Car dealer conflict bad for investors
$10m market plunge for NZ Automotive Investments
Smaller investors appear to have been caught in the middle of a spat this week between two major shareholders at NZ Automotive Investments.
The company, which owns the nationwide car dealership 2 Cheap Cars, has had nearly $10 million wiped off its market capitalisation after four of its directors resigned citing “irreconcilable differences” between them and remaining director and major shareholder David Sena.
One of those who resigned was Eugene Williams, who owns 34 per cent of the company.
Oliver Mander, chief executive of the Shareholders’ Association, said retail investors had been caught in the crossfire between two majority shareholders, highlighting the importance of having a majority of independent directors on publicly listed company boards.
Last year the association raised concerns with the company about director independence as part of its annual assessment report.
“We did talk to them around that director independence issue because it is something we get quite concerned about — particularly when you have got majority owners,” said Mander.
One of the issues raised was a lack of a relationship description for director Tracy Rowsell — one of those who resigned this week.
“We were slightly critical of that with them because we felt that her very close relationship with David Sena at that time should have been disclosed.”
At the time Rowsell was a trustee on Sena’s family trust. That should have been disclosed, said Mander.
Mander said the company had taken on its concerns and had been keen to bring more independent directors onto the board.
But a quick look at the company’s sharemarket notices shows the challenges involved in doing that and the tension building on the board.
In early April, two independent directors tendered their resignations. Michele Kernahan’s resignation was effective immediately while Karl Smith resigned from the chair’s role but said he would stay on the board until another independent director could be found.
Tim Cook was appointed an independent director in late
April, freeing Smith to depart.
Then chief executive David Page resigned on July 1, but will serve out his notice until September 30.
Now Cook, Rowsell, Williams and acting chair Charles Bolt have all resigned.
On Wednesday remaining director and shareholder Sena nominated three new directors to be appointed at the company’s annual shareholder meeting on August 25, but already one has withdrawn.
Mander said NZX listing rules required three directors on a board. The code of corporate governance recommends the majority of directors be independent but there is no requirement for that in order to be compliant.
Mander said the association had made a submission on the code, calling for elements of it to be moved into the listing rules. “That’s exactly for situations like this.”
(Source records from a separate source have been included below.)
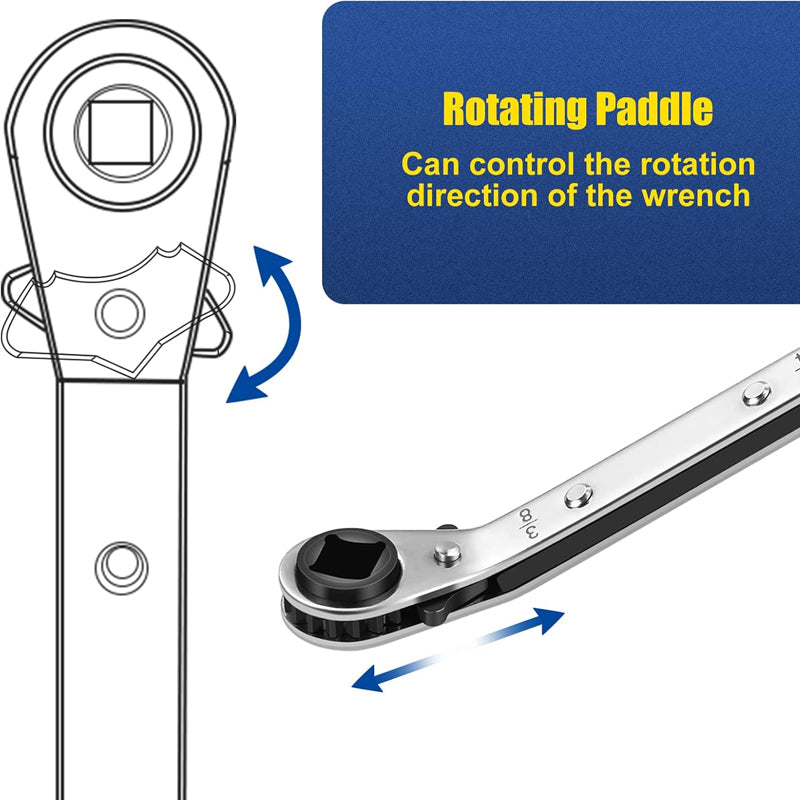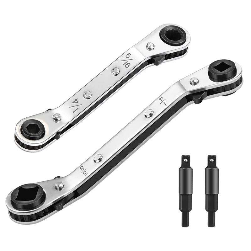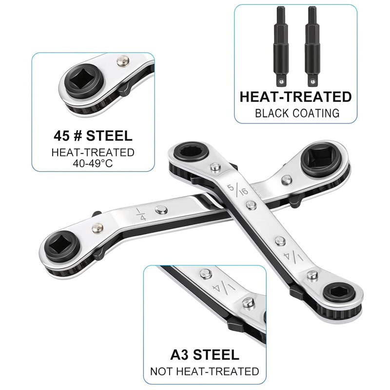 EFFICIENT REVERSIBLE RATCHET SYSTEM: Our double-ended wrench incorporates a quick-flip reversing lever for instant directional changes, dramatically improving workflow efficiency. The flat anti-slip design delivers maximum leverage with minimal effort, making it ideal for confined spaces and repetitive maintenance tasks in air conditioning and refrigeration systems.
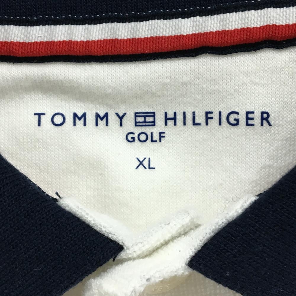 トミーヒルフィガー 半袖ポロシャツ 白×ネイビー パイル地 胸ポケット メンズ XL ゴルフウェア Tommy Hilfiger Golf
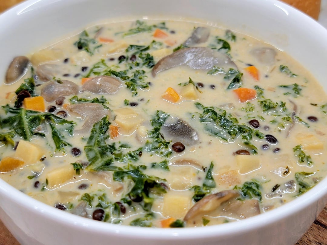 Creamy Vegan Forest Soup Mushrooms, carrots, parsnips, kale and cashew cream. Enough said because this soup is much more than the sum of its parts. by emmadunkirk Vegan Food Vegan Food Recipes Vegan Recipes
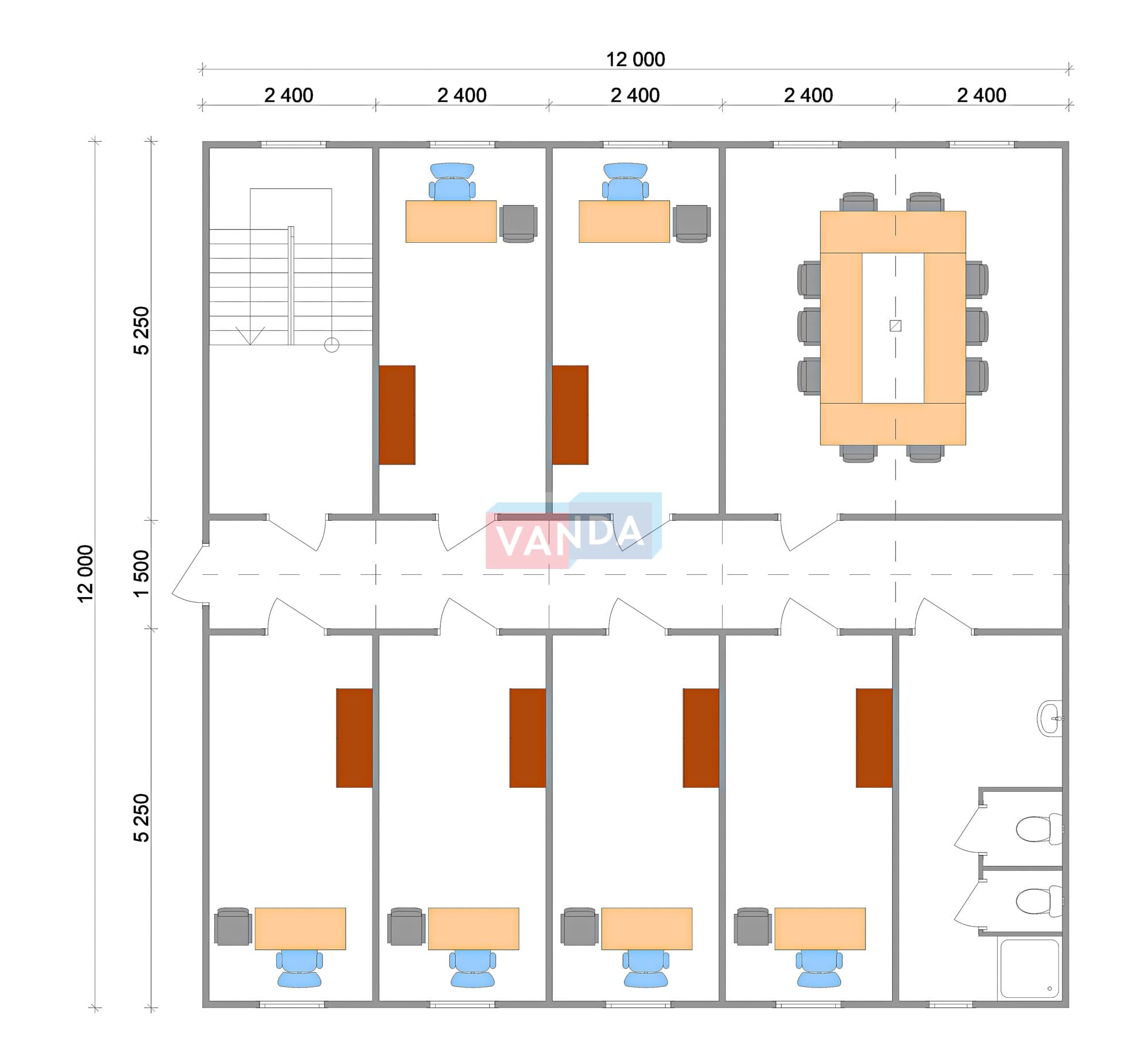 Модульная бытовка с плоской крышей 7.2x6.0 7.2x6.0 43.2 OSB 9 мм. Оцинкованный профлист 650 000 р. Уточняйте у менеджера
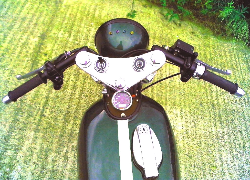 Very nice build. Is that a Yamaha tank on there?  Looks like it could be off of a xs400.  I like the way you "countered" the tank line with the seat line.  The "norm" is to go for a straight line.  Looks like you made really good lemonade with a lemon.  Nice.
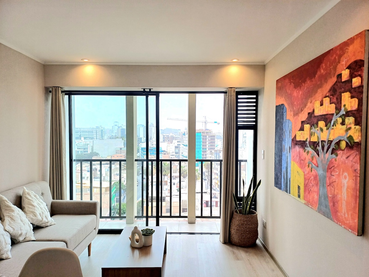बॅरान्को आणि मिराफ्लोरेसच्या सीमेवर पूर्णपणे स्थित अपार्टमेंट. यात खाजगी वॉशिंग मशीन, नेटफ्लिक्स, स्मार्ट टीव्ही, क्वीन बेड आणि लिव्हिंग रूम आणि किचन इंटिग्रेट करणारे सामाजिक क्षेत्र आहे. इमारतीच्या खाली तुम्हाला फार्मसी, रेस्टॉरंट आणि मिनिमार्केट सापडतील. याव्यतिरिक्त, तुम्ही सहजपणे पायी किंवा सायकलने पोहोचू शकता, लार्कोमार शॉपिंग सेंटर त्याच्या जबरदस्त समुद्राच्या दृश्यासाठी प्रसिद्ध आहे. या इमारतीत जिम, पूल/टेरेस, बार्बेक्यू क्षेत्र, को - वर्किंग, म्युझिक रूम आणि 24 - तास सुरक्षा आहे.
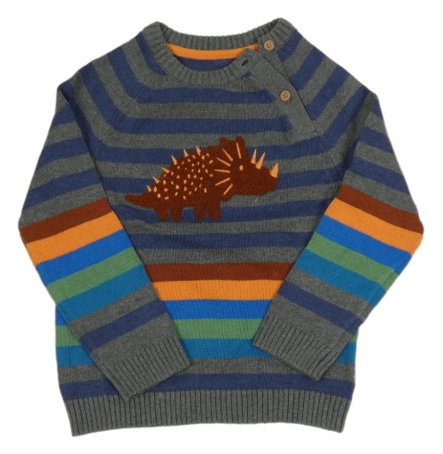 Šedo-barevný pruhovaný svetr s dinosasurem Mothercare
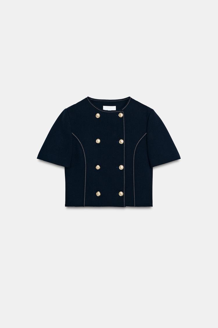 ZARA БЛЕЙЗЕР С КОРОТКИМ РУКАВОМ, МОРСКОЙ СИНИЙ
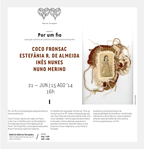 Por um fioExposição colectiva de joalharia, participa Inês Nunes | Membro PINGaleria Adorna Corações, Porto De 21 Jun a 15 Ago 2014 info+:Galeria Adorna CoraçõesRua Miguel Bombarda, 285, loja 10Porto {tortags,2837,1}
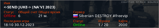 Играет на Counter Strike Source сервере. Страна: РоссияПервый раз замечен 11:54 09.12.2023
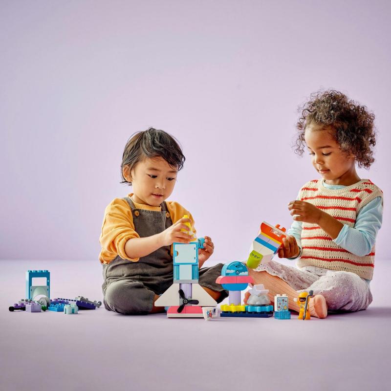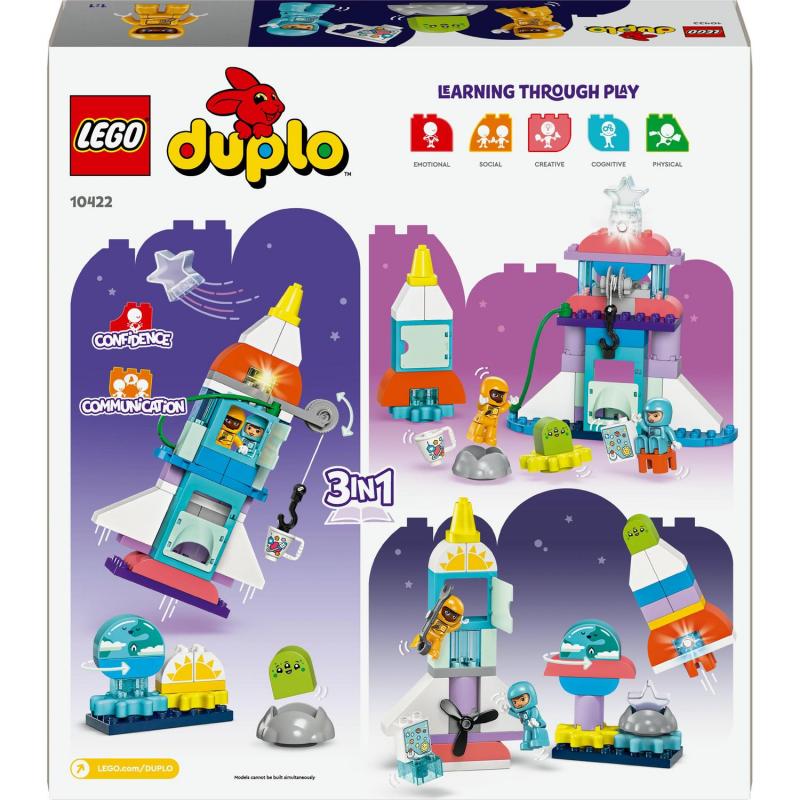 3... 2... 1... štart! Vydajte sa na akčnú výpravu so stavebnicou Vesmírne dobrodružstvo s raketoplánom 3 v 1 (10422) na stavanie a prestavovanie. Predstavivosť detí od 3 rokov naberie nové obrátky počas hry na astronautov skúmajúcich galaxiu z hračkárskej vesmírnej lode, ktorí cestou spoznávajú mimozemšťanov a učia sa o slnečnej sústave. Táto vesmírna hračka je vybavená zábavnými doplnkami, ktoré podporujú kreatívnu hru. Deti od 3 rokov objavia nové obzory popri vymýšľaní zábavných vesmírnych dobrodružstiev pre 2 figúrky astronautov LEGO® DUPLO®, ako napríklad stretnutia s mimozemšťanmi či vesmírne prechádzky, počas ktorých opravia raketu hračkárskym kľúčom. S touto flexibilnou stavebnicou 3 v 1, ktorá obsahuje množstvo zaujímavých kociek a prvkov, ktoré sa dajú prestavať na 2 ďalšie hračkárske vesmírne vozidlá, základňu planéty alebo čokoľvek iné, čo si batoľatá vymyslia, bude čas hry vždy plný prekvapení! Zábavná vzdelávacia hračka s otáčajúcimi sa ozubenými kolieskami, rotujúcou vrtuľou, funkčným navijakom, výklopnými dverami a svetelnou kockou pomáha predškolákom rozvíjať aj zručnosti jemnej motoriky.
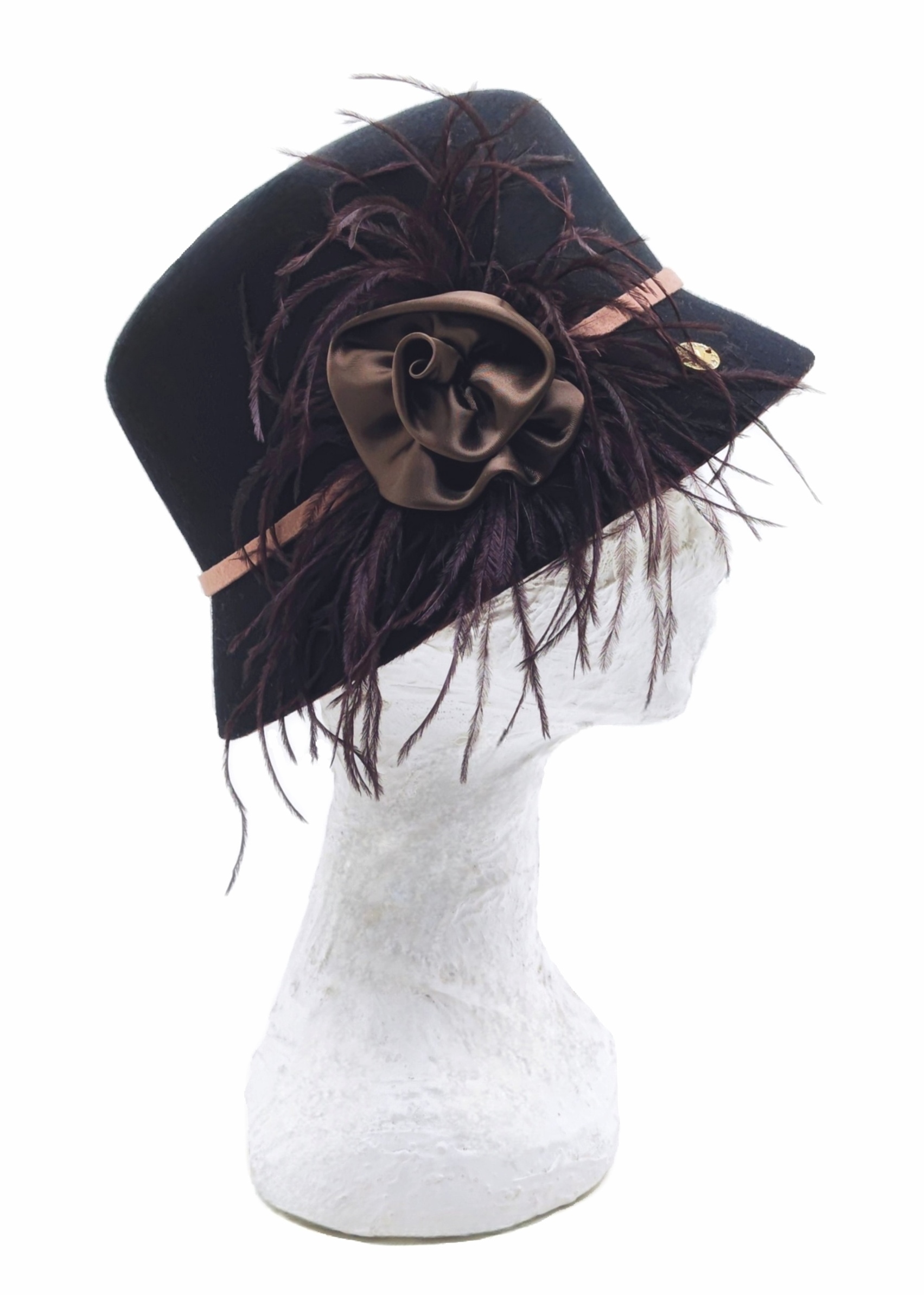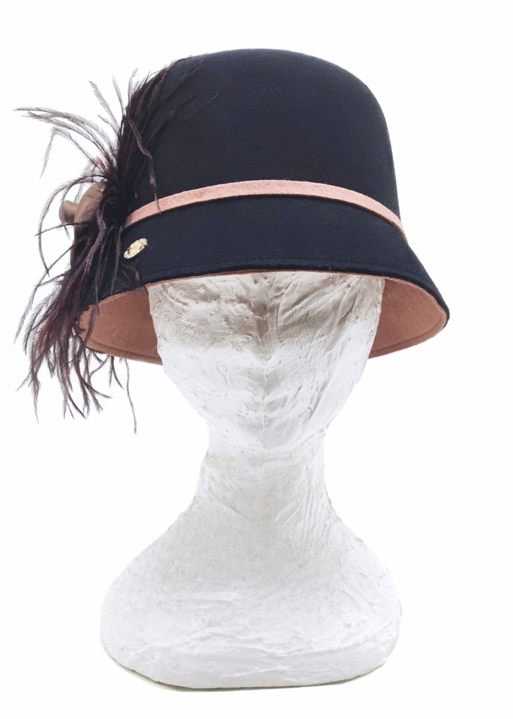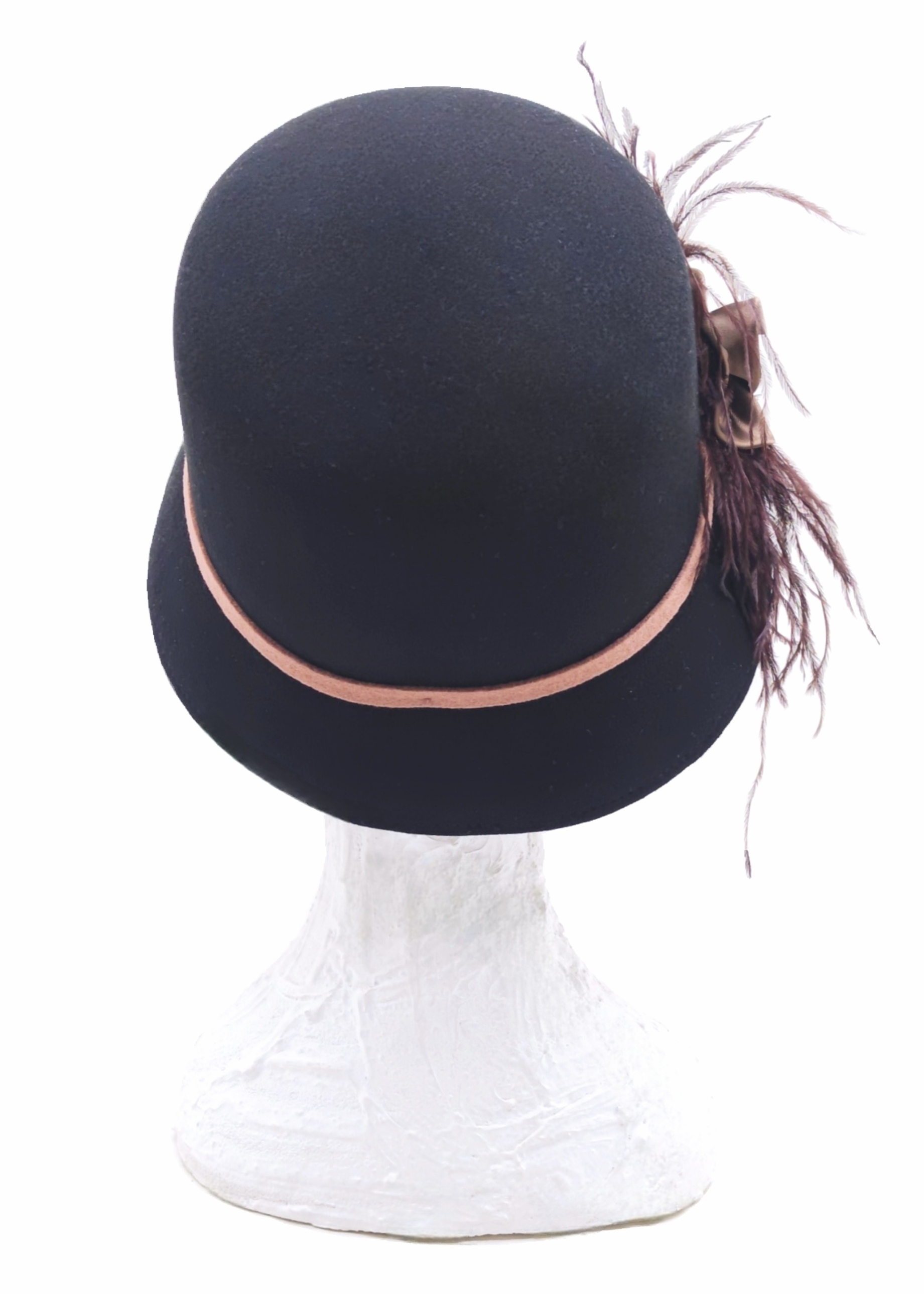 Cappello da donna modello Cloche in 100% feltro di lana bicolore nero e rosa-tortora. Arricchito dal sottile girotesta in feltro e impreziosito dal fiore in raso e dalle piume di marabù applicate a mano. Un accessorio raffinato e di tendenza, che rappresenta appieno l'artigianalità del made in Italy firmato Rossomenta.

He said the NZSA often heard from companies that their boards reflected the make-up of their ownership but that was not good enough.
“NZA has provided the perfect example as to why. There is an issue with those founders. What we are seeing is that retail shareholders are caught in the crossfire in the fallout between two founders who own a significant stake.”
Shareholders have sold up this week, resulting in the share price falling from 65c to 44.5c.
Mander said investors
should be wary of buying into any company with major shareholders which did not have an independent board.
Investors in the company now have the option of selling or sticking with it to see how the new directors pan out.
But investors will no doubt be wanting information on how independent the nominated directors are.
Mander said he wanted to see details of the proposed directors’ qualifications in the notice of meeting and a clear statement about why they were independent.
As to how the issue between the major shareholders is resolved, that could require one to sell out, and with the share price having been dramatically reduced, that will no doubt be less attractive.
Infratil action
In an unusual situation, Infratil was a seller and a buyer this week when it came to the sale
of Vodafone’s cell tower assets.
Infratil owns 49.95 per cent of Vodafone NZ, which sold its cell tower network for
$1.7 billion.
But it was also part of the consortium buying a 20 per cent stake.
While the sale price is seen as fair and on par with Spark’s recent sale of its towers, some Infratil investors have been left scratching their heads over why Infratil would want to be a direct investor in the tower assets.
In a note this week, Jarden analyst Neville Gluyas pointed to the high multiple achieved in the sale price but said investors may be less convinced by Infratil’s direct purchase of the 20 per cent stake for about 340m.
“A high 33.8x multiple can perhaps be rationalised by assuming an ultra-low cost of capital plus future growth from shared tenancy and more towers, but Infratil is not typically regarded as targeting ultra-low returns.”
The NZSA’S Mander said there was no doubt the sale of the tower business was good for Infratil investors, but he was curious about the 20 per cent direct stake in the company that had bought the towers.
“They are both seller and buyer essentially.
“But the fact that the value of the deal is at a similar level to the Spark sale late last week. I’ve got no doubt it’s an appropriate price.”
An Infratil spokeswoman said buying the 20 per cent stake was not a condition of the sale.
“Infratil chose to retain a position in the Towerco business which it already owns through Vodafone NZ.
“Part of the reason we liked Vodafone as an investment was its exposure to this embedded infrastructure, so retaining some of that exposure is consistent with our original investment thesis.”